▶ _Requirement_
Give back exactly the lines of the entries below from the line with "А есть фотка" to the line with "With only 4", inclusive, and only those.

▶ _Entries supplied_
----

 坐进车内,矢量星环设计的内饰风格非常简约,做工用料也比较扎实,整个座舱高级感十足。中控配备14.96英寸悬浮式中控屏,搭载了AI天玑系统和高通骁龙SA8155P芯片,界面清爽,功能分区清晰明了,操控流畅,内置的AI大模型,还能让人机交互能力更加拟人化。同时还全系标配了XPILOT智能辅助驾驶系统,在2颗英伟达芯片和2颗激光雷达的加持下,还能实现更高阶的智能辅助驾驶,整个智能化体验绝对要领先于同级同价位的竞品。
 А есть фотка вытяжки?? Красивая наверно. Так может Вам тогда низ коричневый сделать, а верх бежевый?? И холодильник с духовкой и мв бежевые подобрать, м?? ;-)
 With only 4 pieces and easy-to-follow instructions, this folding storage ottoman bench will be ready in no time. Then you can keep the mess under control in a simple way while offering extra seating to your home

----

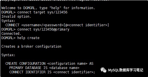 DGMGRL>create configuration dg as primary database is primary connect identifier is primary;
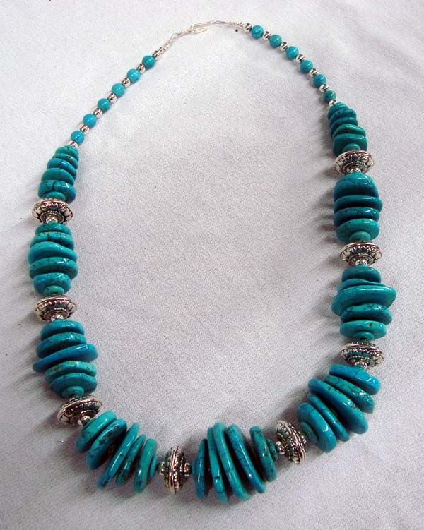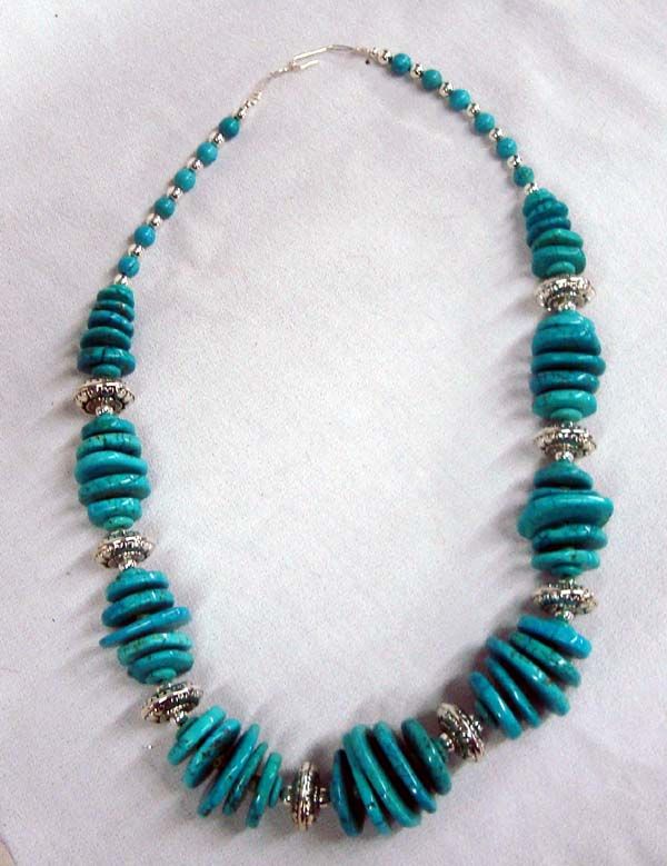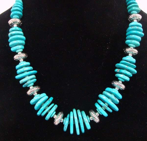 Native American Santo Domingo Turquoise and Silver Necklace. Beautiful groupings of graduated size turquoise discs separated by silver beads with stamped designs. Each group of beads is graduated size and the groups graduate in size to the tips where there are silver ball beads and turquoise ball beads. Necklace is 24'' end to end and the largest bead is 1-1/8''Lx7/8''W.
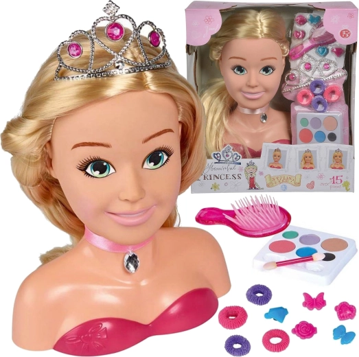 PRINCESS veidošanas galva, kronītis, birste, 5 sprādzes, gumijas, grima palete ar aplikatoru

----

▶ _Exercise answer_
 А есть фотка вытяжки?? Красивая наверно. Так может Вам тогда низ коричневый сделать, а верх бежевый?? И холодильник с духовкой и мв бежевые подобрать, м?? ;-)
 With only 4 pieces and easy-to-follow instructions, this folding storage ottoman bench will be ready in no time. Then you can keep the mess under control in a simple way while offering extra seating to your home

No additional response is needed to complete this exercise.